Devant Nouveau-Québec, on ne peut s’empêcher de voir en Sophie la fille d’un des personnages du docu-fiction Le dernier glacier (1984), de Jacques Leduc et Roger Frappier, les deux cinéastes captant la fermeture de cette ville minière et les blessures qu’elle va engendrer. Sarah Fortin connaît ce film, bercée depuis longtemps par Schefferville, le dernier train, la chanson-thème de Michel Rivard, son idole d’enfance, elle qui a signé pour lui un vidéoclip, Seize ans déjà. « À bien y penser, dit-elle en rigolant, mon premier contact avec Schefferville, c’est cette chanson ! Je crois que les travailleurs partis “dans le sud” ont gardé un souvenir un peu romantique de cette époque et de ce territoire. »

Sur Facebook, poursuit-elle, « j’ai découvert plusieurs groupes d’anciens de Schefferville qui se désolaient de voir l’état actuel des choses. Bien des maisons ont été démolies : c’est aussi dramatique pour ceux qui sont partis, ne pouvant plus retrouver les traces de leur enfance et de leurs racines, que pour ceux qui sont restés. Comme si leur vie là-bas n’avait pas d’importance, alors que la communauté connaît toujours un problème criant de logement. » Quant à la salle de cinéma évoquée dans la magnifique chanson de Rivard figurant aussi sur l’album Sauvage, la réalisatrice tient à dissiper nos dernières illusions : il ne reste plus rien du Roxy, et depuis très longtemps déjà.

Par contre, entre les versions embryonnaires du scénario en 2011 et le tournage en 2019 — sa sortie le 18 mars témoigne, si besoin est, des effets de la pandémie sur le secteur de la distribution… —, quelque chose a changé dans ce coin de pays, surtout pour les Innus et les Naskapis : la reprise de l’exploitation minière. « Ça peut sembler une bonne nouvelle, puisque ça donne du travail aux gens de la communauté, souligne Sarah Fortin, mais ça suscite aussi beaucoup de questions, entre autres sur le passé. Lorsque les conditions économiques ne seront plus favorables, les compagnies vont-elles encore partir en laissant de grands trous dans le territoire ? Ces gens-là vivent une ambivalence, entre la protection de leur environnement et une plus grande vitalité économique. »

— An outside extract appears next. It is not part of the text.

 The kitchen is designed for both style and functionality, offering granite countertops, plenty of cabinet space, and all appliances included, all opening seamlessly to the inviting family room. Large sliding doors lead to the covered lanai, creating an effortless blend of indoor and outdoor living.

Celle-ci ne se fait pas encore sentir partout, ce qui a posé quelques défis, Sarah Fortin étant bien consciente que l’éloignement (si une pièce d’équipement brise, la patience et la débrouillardise sont de mise), les contraintes techniques (oubliez les réseaux cellulaires), l’imprévisibilité des horaires du train (pester contre les retards ne le fera pas arriver plus vite) peuvent affecter le moral d’une équipe de tournage. Surtout pendant plus d’un mois.

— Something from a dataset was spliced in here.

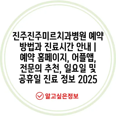 진주진주미르치과병원 예약 방법과 진료시간 공지 | 예약 홈페이지, 어플앱, 전연락 추천, 일요일 및 공휴일 진료 정보 2025에 대해 소개합니다.

« Personne ne retourne à la maison le soir, ironise Sarah Fortin. Plusieurs techniciens ont refusé parce qu’ils ne voulaient pas s’éloigner de leurs enfants, alors j’avais une équipe jeune et fringante, forcément toujours ensemble du matin au soir, et qui n’était pas sur le téléphone entre deux prises ! Mais personne n’avait la même réaction face à cet endroit : certains se sont sentis oppressés parce qu’ils n’avaient pas le contrôle. Au milieu de ces grands espaces, on ne choisit pas nécessairement quand on arrive et quand on part… »

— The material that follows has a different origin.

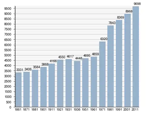 في سنة 1861 بلغ عدد السكان 3٬331 نسمة، وتطور العدد ليصل في سنة 2011 لـ 9٬698 نسمة.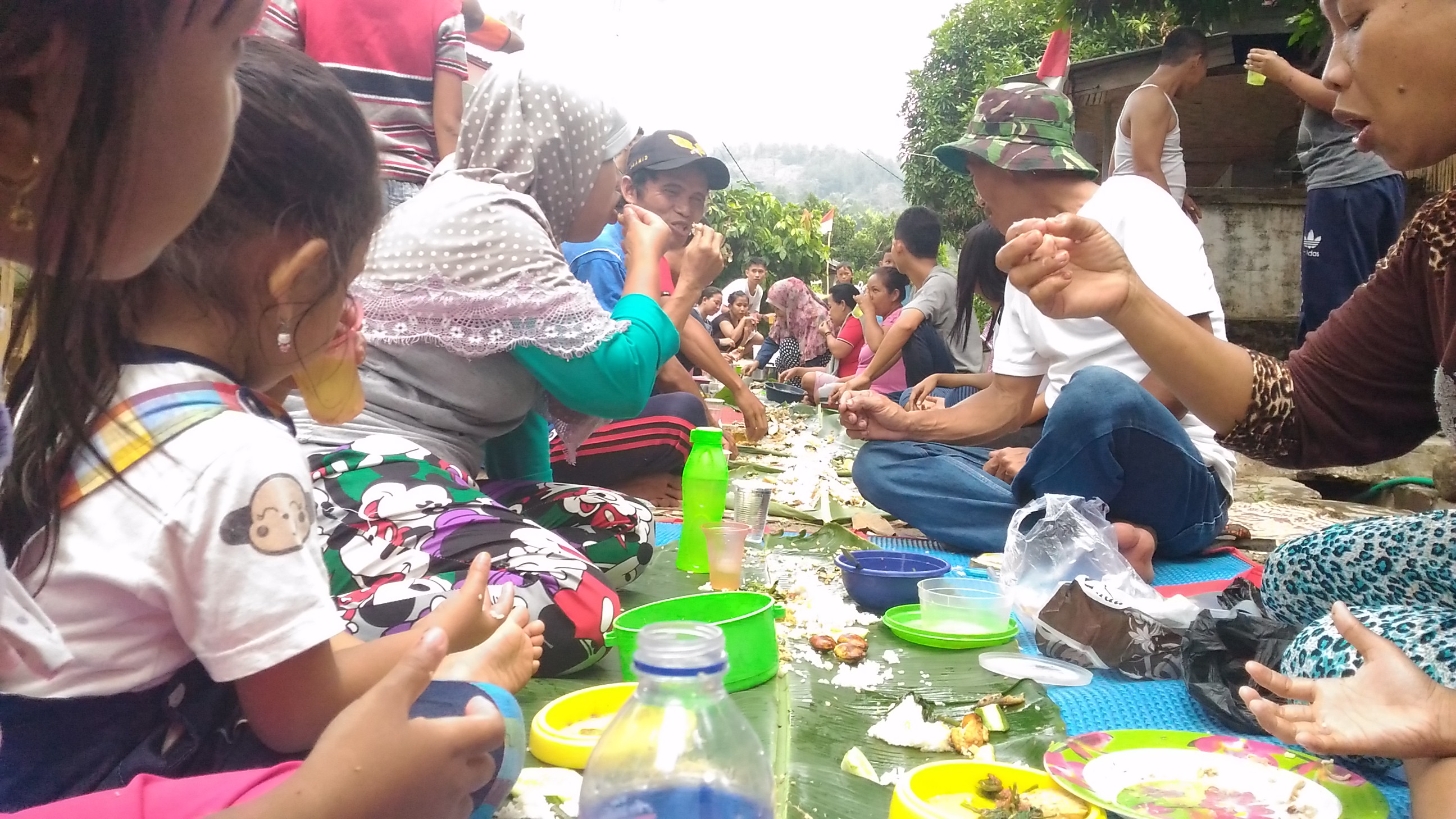 Beralaskan tikar dan daun pisang yang digelar di atas jalan yang berjejer hingga 2 km, warga Jalan RE Martadinata Gg Mangga Dua

Ce malaise s’immisce également chez Sophie et Mathieu, montrant la pression que l’étrangeté et l’inattendu exercent sur un couple, surtout quand chacun réagit d’une façon différente devant d’autres cultures, les regards intrigués ou accusateurs, ou le simple fait d’attendre sans savoir de quoi demain sera fait.

Quant aux lendemains de Sarah Fortin, ils sont plus clairs. Son amour pour les grands espaces et les Premières Nations, elle le cultive en ce moment en tournant aux côtés de la poète innue Joséphine Bacon dans un documentaire à quatre mains, Nitassinan, ode au territoire tissé sur quatre saisons. Parions qu’elle n’a pas fini de prendre des trains, et va toujours s’en réjouir.

Nouveau-Québec prend l’affiche le 18 mars.